Why have tobacco companies commissioned this historical research? Cigarette makers contesting lawsuits have sought to establish that since the early 1960s it was "common knowledge" that smoking caused cancer. Since "everybody knew" this to be true, people who chose to smoke did so fully aware of the health risks, absolving tobacco companies of negligence or wrongdoing. To prove this in court, they have hired historians to document, for example, that a plaintiff's local newspapers ran articles on smoking and disease around the time that he or she began smoking.

History's role in Canadian tobacco litigation will likely grow. Nine provinces are suing tobacco firms to recover smoking-related medicare costs. Ontario’s claim alone is for $60 billion. Since tobacco-related illness typically develops decades after smoking initiation, this means investigating the historical context of cigarette use as early as the 1950s. Cue the historians.

Two observations stand out. First, none of the tobacco-financed historians has published on the tobacco industry or cigarette smoking. In a highly specialized academic discipline like history, they would seem oddly qualified. Perrins is a historian of East Asia, not Canada. Flaherty is a historian of the United States and an expert in privacy law. There is no mention of this tobacco research, which likely consumed hundreds of hours, on faculty member profile pages. "Under-the-table" research like this sidesteps the scrutiny of peer review and scholarly criticism. Their status as "expert witnesses" would seem entirely a function of tobacco firms paying them to act as such.

Second, the tobacco-financed reports form one of the largest extant bodies of historical work on this topic for the post-1945 period. With a couple of exceptions, little has been published. How is that, given the topic's importance for public policy and high-stakes litigation?

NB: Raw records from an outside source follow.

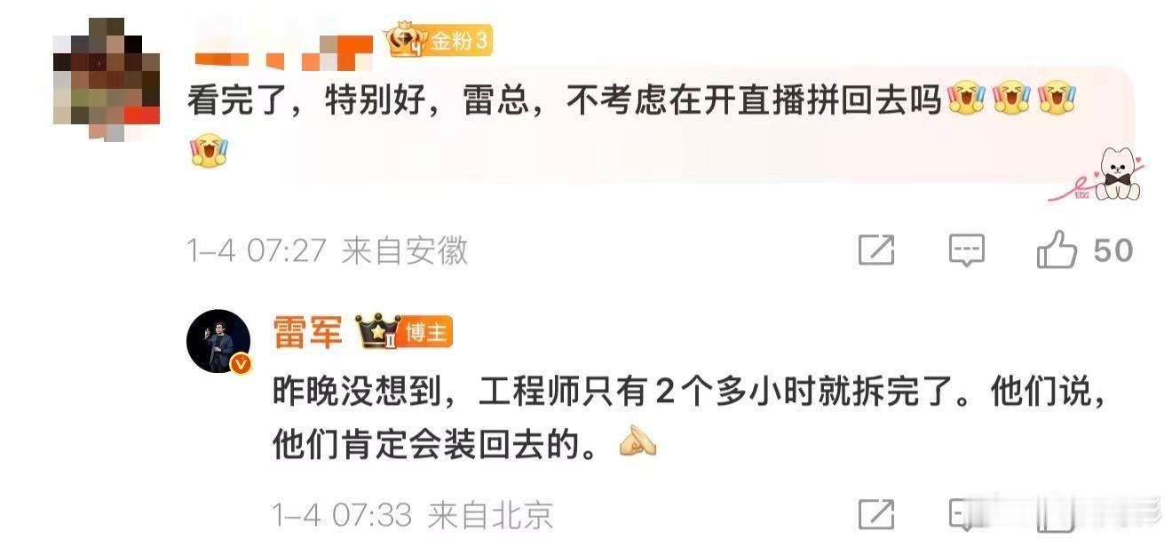 雷军发文感谢看完拆车直播雷军拆车直播车会复原 1月4日,发文感谢看完拆车直播“昨晚的拆车直播好玩吗?4个多小时的硬核直播,居然有不少人看完了,真心感谢!我相信,看过直播后,大家一定会更了解YU7铠甲笼式车身强在哪里,也更了解YU7的安全性。”有网友在评论区问雷军:“看完了,特别好,雷总,不考虑在开直播拼回去吗”雷军回复:“昨晚没想到,工程师只有2个多小时就拆完了。他们说,他们肯定会装回去的。”雷军确认小字营销要改
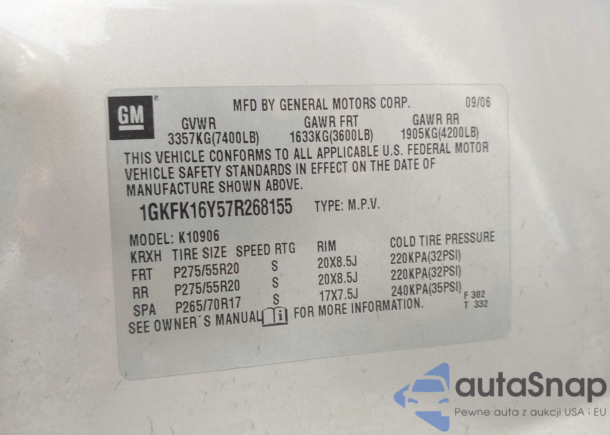 • VIN 1GKFK16Y57R268155
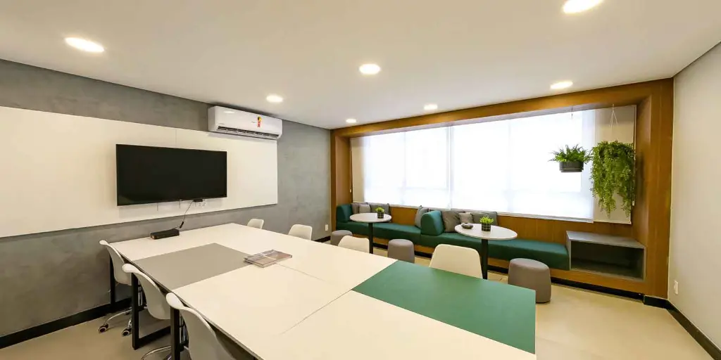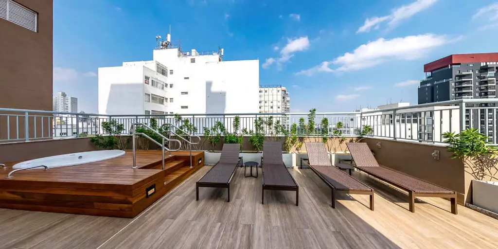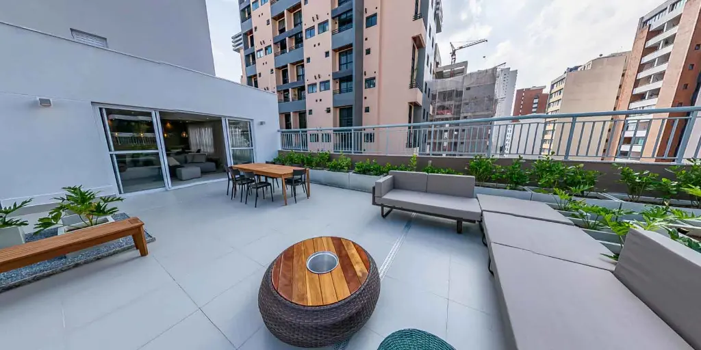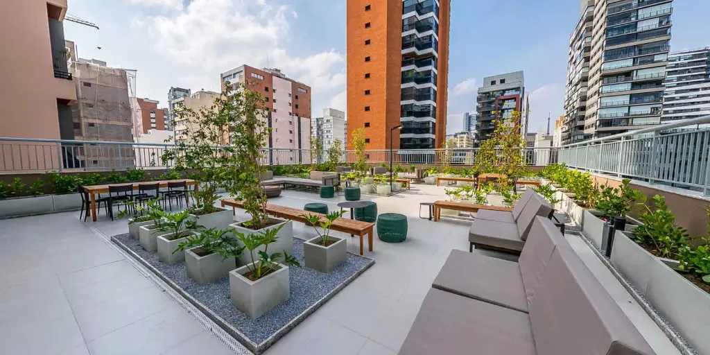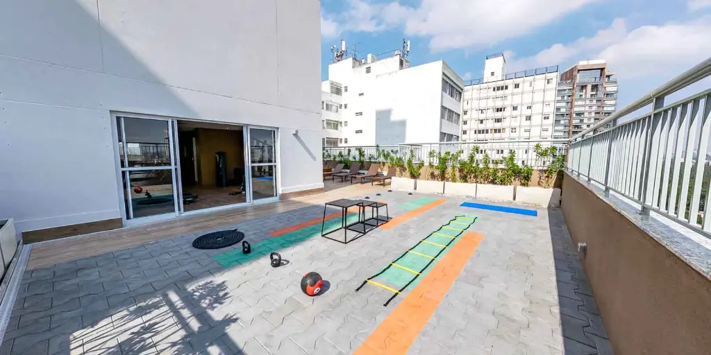 Wi-Fi nas áreas compartilhadas Coworking para trabalhar ou estudar com tranquilidade Espaço Fitness Rooftop com vista Lavanderia Lounge Gourmet Bicicletário

This type of research is costly and time-consuming. It involves combing through dozens of print and broadcast sources spanning decades, often in non-indexed media. It's labor-intensive, requiring paid research assistants. The tobacco industry has deep pockets and its commissioned reports to date constitute a preferential "first draft" of cigarette smoking history for the post-1945 era in Canada.

One possible solution is the Social Sciences and Humanities Research Council, the federal agency which funds this type of research. This option is precarious. The applicant success rate is about 20 percent. The application process requires 60 to 80 hours.  In the past decade, SSHRC has reduced considerably its spending on tobacco-related projects. Since 2005 it has awarded $33 million in research grants, none of which have dealt with historical tobacco use.  

The motto of Acadia University's Faculty of Arts is "Developing Critical Thinkers and Ethical Leaders for a Complex World." In 2009, then-Dean Perrins offered these words to Acadia students: "At their core, the arts play a central role in helping us to develop individual and societal senses of moral responsibility.”

May I suggest to Professor Perrins and colleagues working sub rosa for the tobacco industry that they demonstrate “moral responsibility” and “ethical leadership” by owning up publicly to what they have largely done privately. Cite your tobacco work on faculty web pages. Tweet about it. Publish your findings. Write a piece for History News Network. Come in from the cold.